- TASK TO COMPLETE -
Transcribe the records below word for word, beginning with the first line and stopping after the line that contains "1.2 左侧列表栏中,其余状"; pictures are not part of the copy.

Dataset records
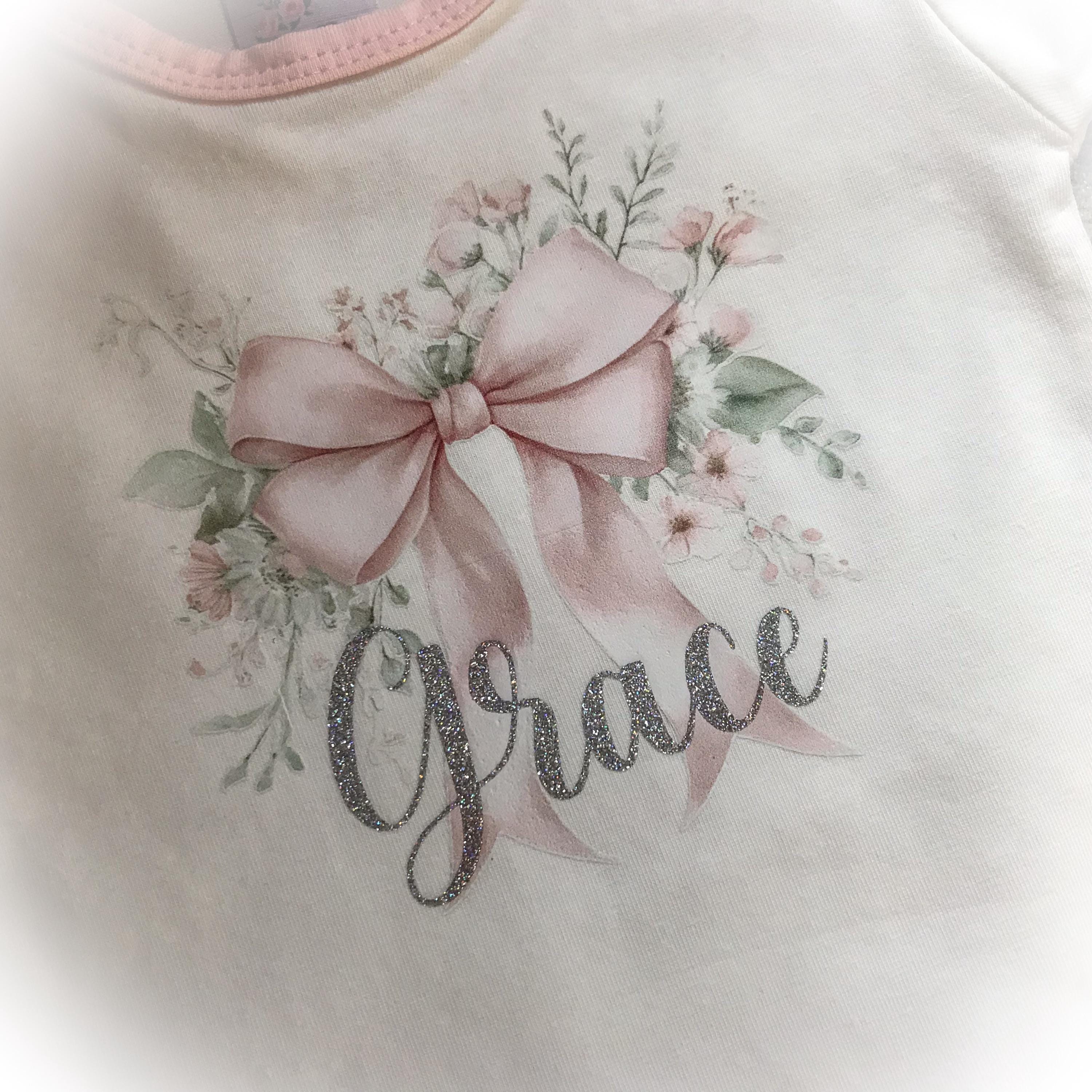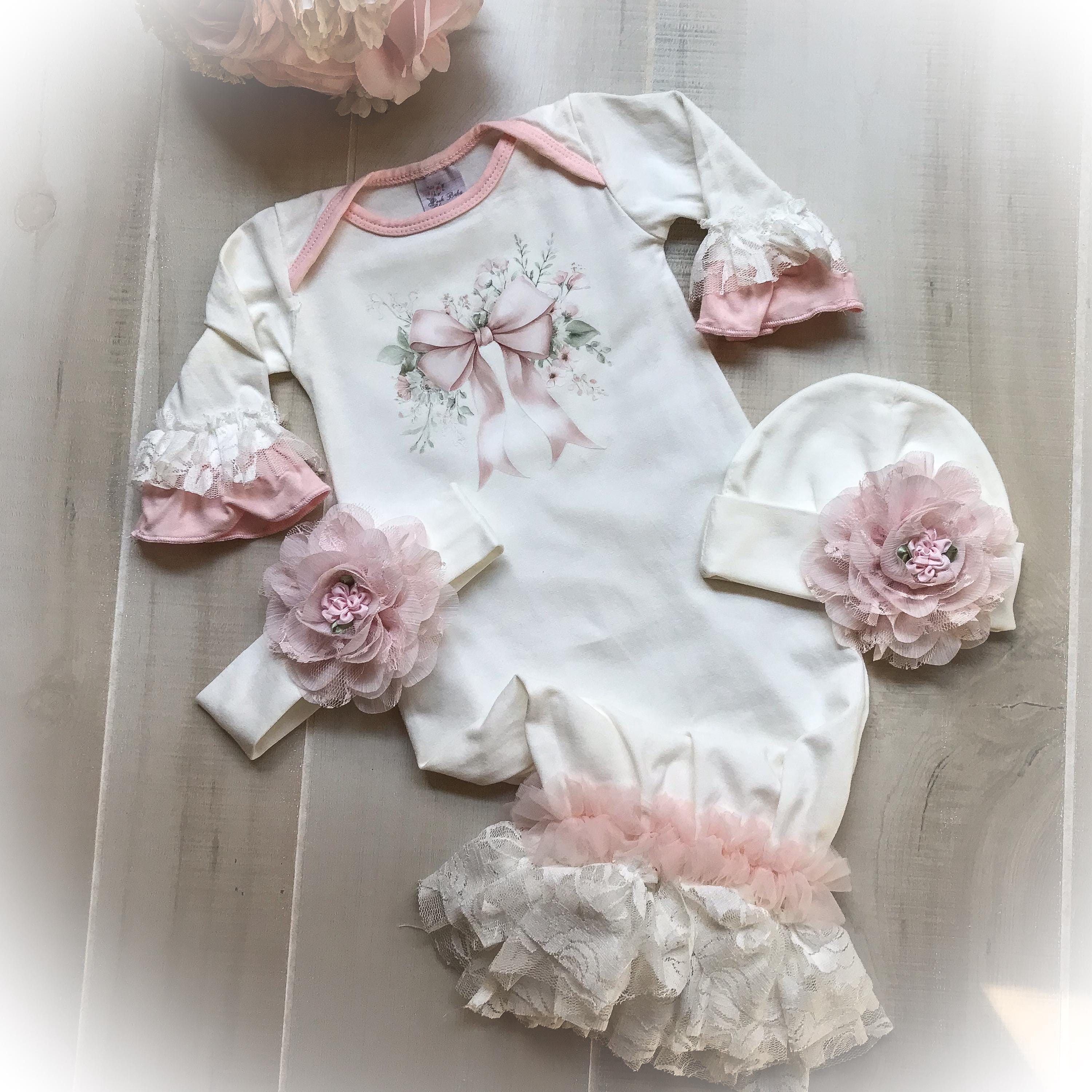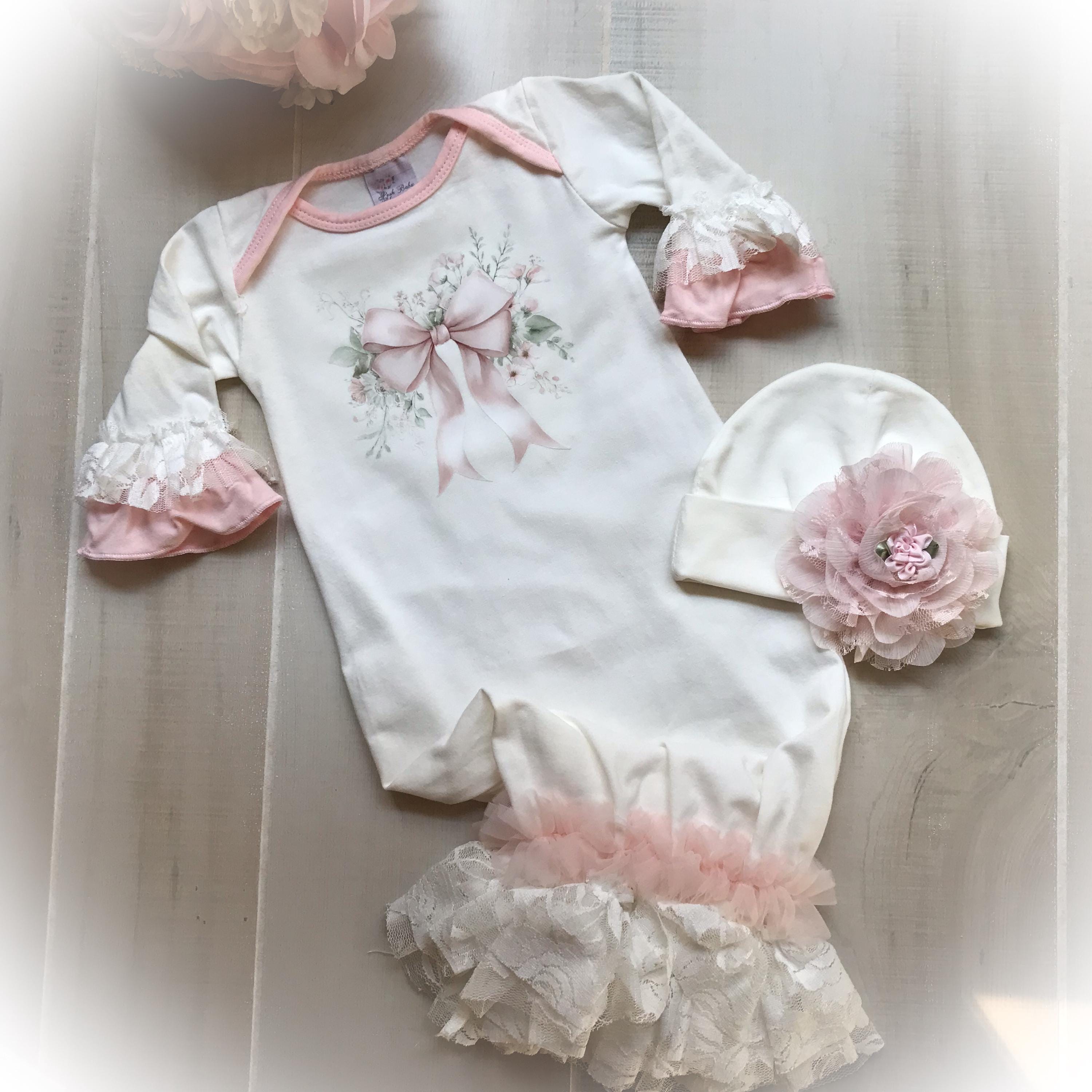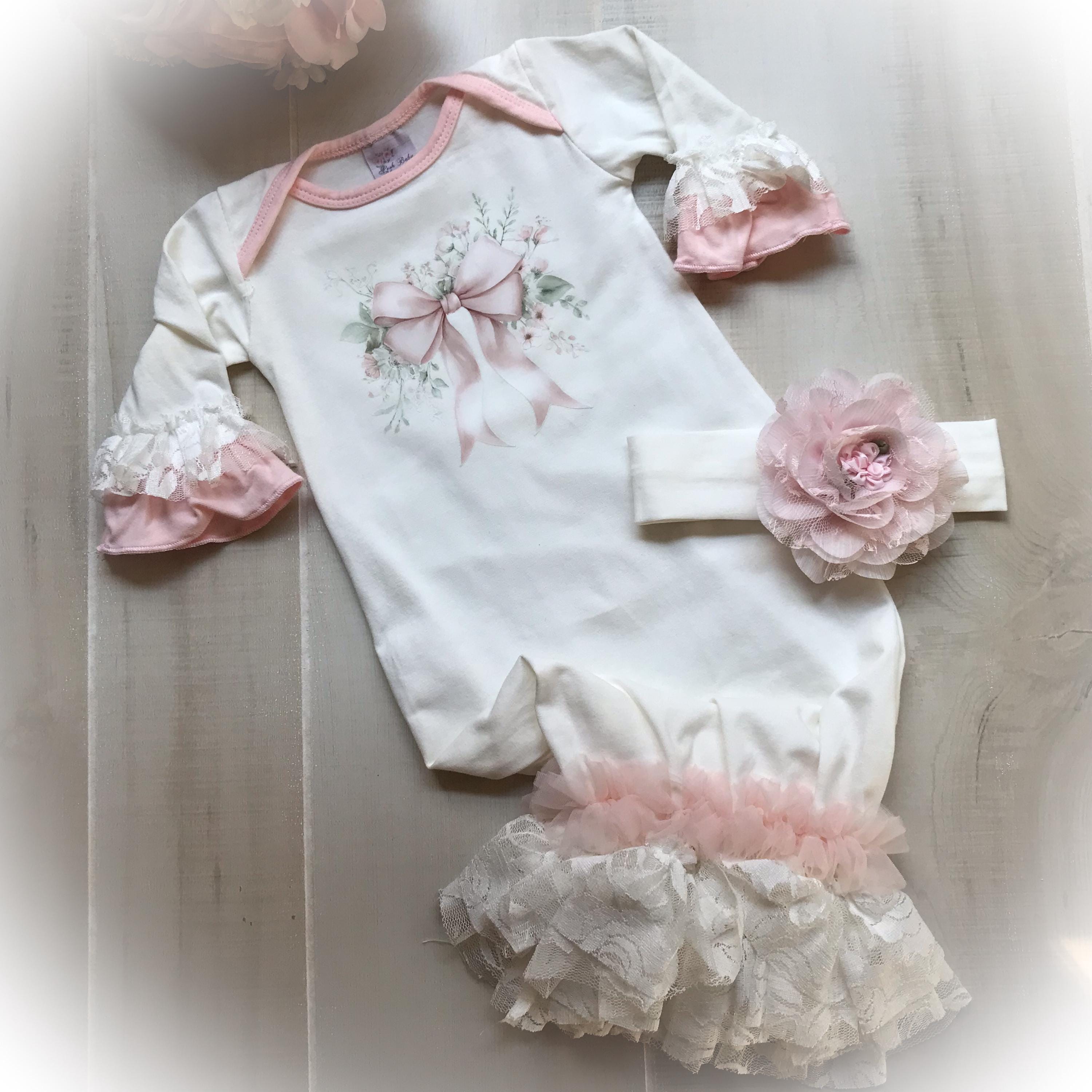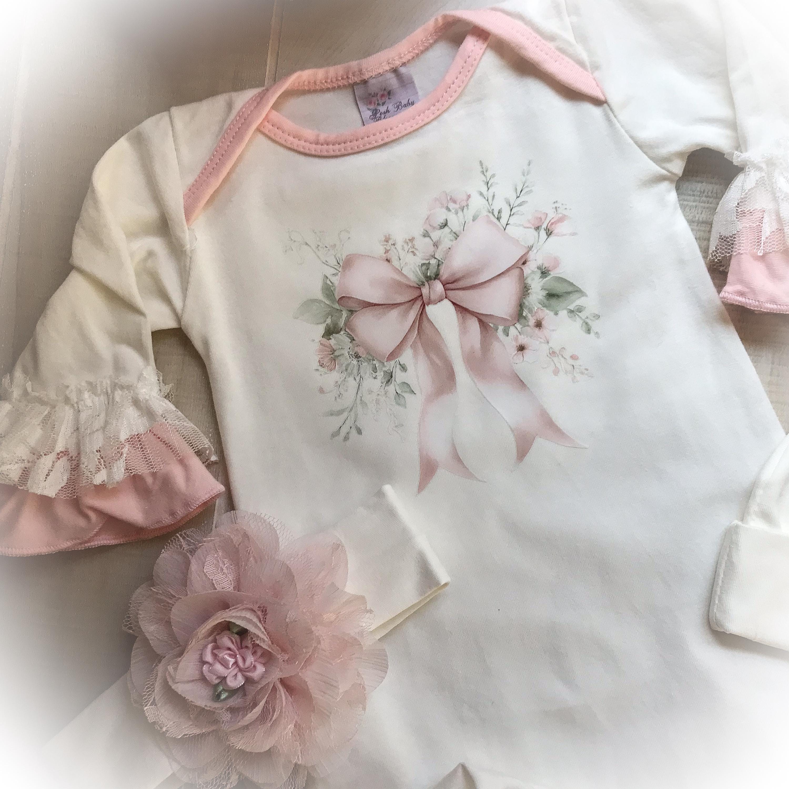 Personalized ivory and pink coming home gown. The stunning ivory gown features soft lace and chiffon trimmed bottom and Ruffle sleeves. A beautiful pink bow hi lights your baby’s name done in a shimmery silver HTV font. The name is optional if you prefer the bow design only.
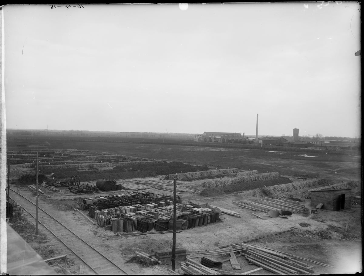 Odlingsbäddar, eventuellt för sockerbetor vid spårområde. I bakgrunden syns järnvägsverkstäderna i Johanneslust, Malmö.
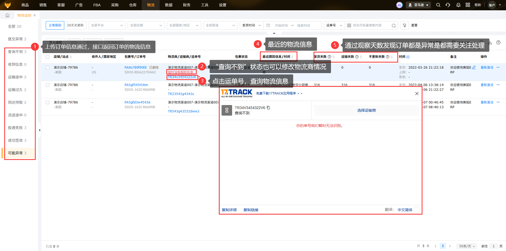 1.2 左侧列表栏中,其余状态表示信息提交给17track后,接口反馈的物流信息。
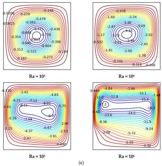 Furthermore, the above-described phenomenon is also confirmed by the flow field depicted by the stream function contours in Figure 3c. The figure shows how the maximum absolute value of the stream function becomes stronger by increasing the Rayleigh number. Also, the increase in Rayleigh number results in incrementing the streamline’s intensity, especially at the heated and cooled vertical walls. Additionally, the increase in Rayleigh number results in a higher intensity of convection flow, which causes the primary vortex of the fluid flow, which revolves in a clockwise direction, formed in the middle of the enclosure at a lower value of Rayleigh number to break into two vortices above the middle. Furthermore, the form of the primary vortex was altered from circular to rectangular.
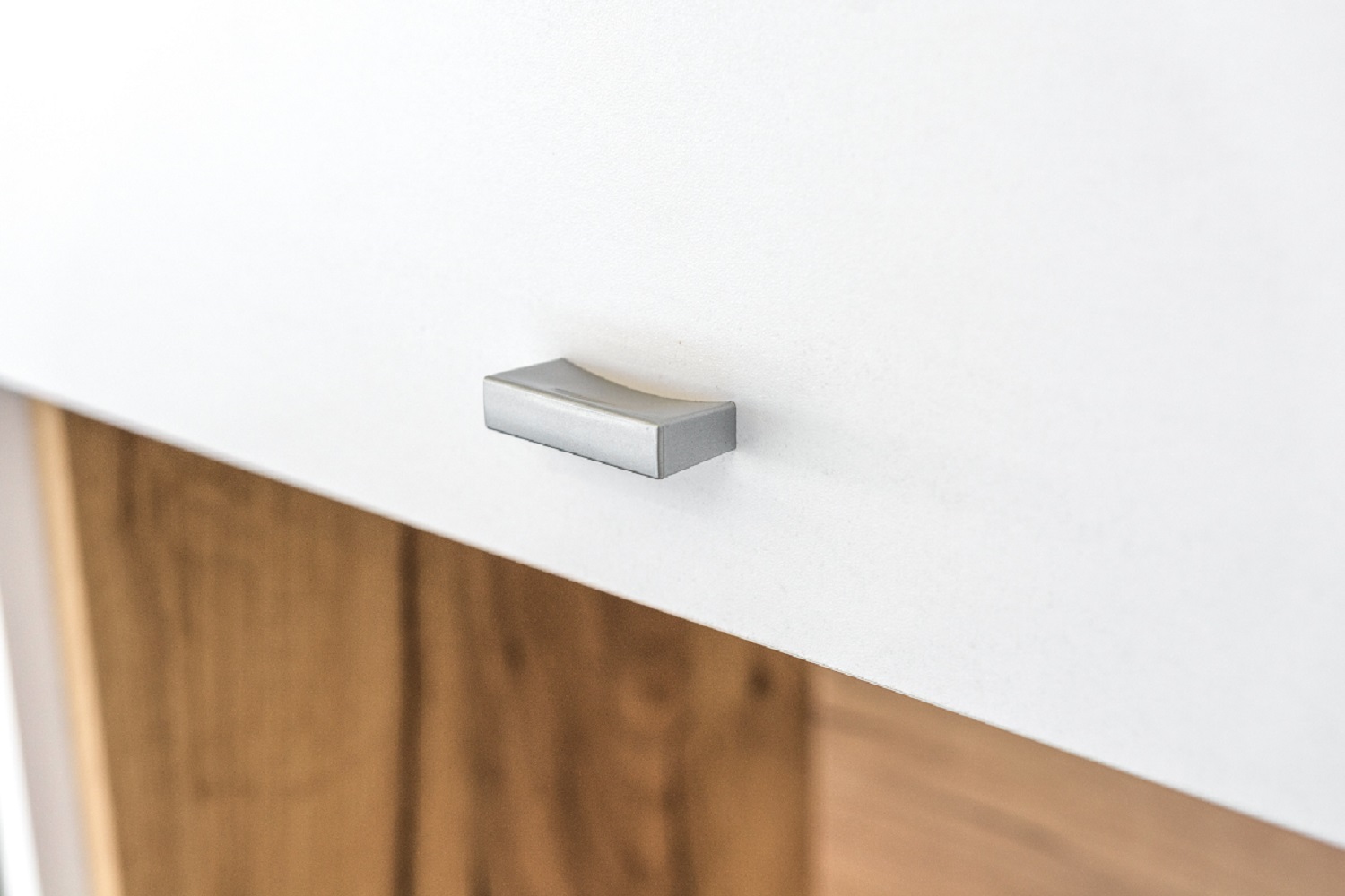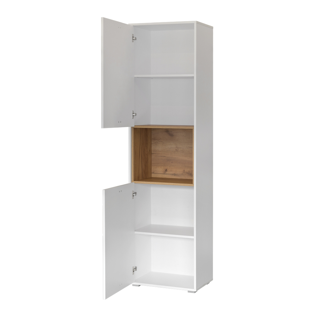 Однодверный шкаф Бэль с фасадами из глянцевого ЛДСП в цвете «белый премиум» и корпусом в цвете «дуб крафт золотой» — это стильный и функциональный предмет мебели. Он оснащён открытыми полками, что обеспечивает удобное хранение различных предметов. Ручки шкафа выполнены из ABS-пластика.
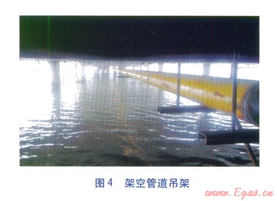 鋼管架空敷設(shè)優(yōu)勢(shì)是緊貼橋身下面,不容易受到海水沖刷和腐蝕,但鋼管吊裝、固定施工難度大。

- REPLY TO THE TASK -
 Personalized ivory and pink coming home gown. The stunning ivory gown features soft lace and chiffon trimmed bottom and Ruffle sleeves. A beautiful pink bow hi lights your baby’s name done in a shimmery silver HTV font. The name is optional if you prefer the bow design only.
 Odlingsbäddar, eventuellt för sockerbetor vid spårområde. I bakgrunden syns järnvägsverkstäderna i Johanneslust, Malmö.
 1.2 左侧列表栏中,其余状态表示信息提交给17track后,接口反馈的物流信息。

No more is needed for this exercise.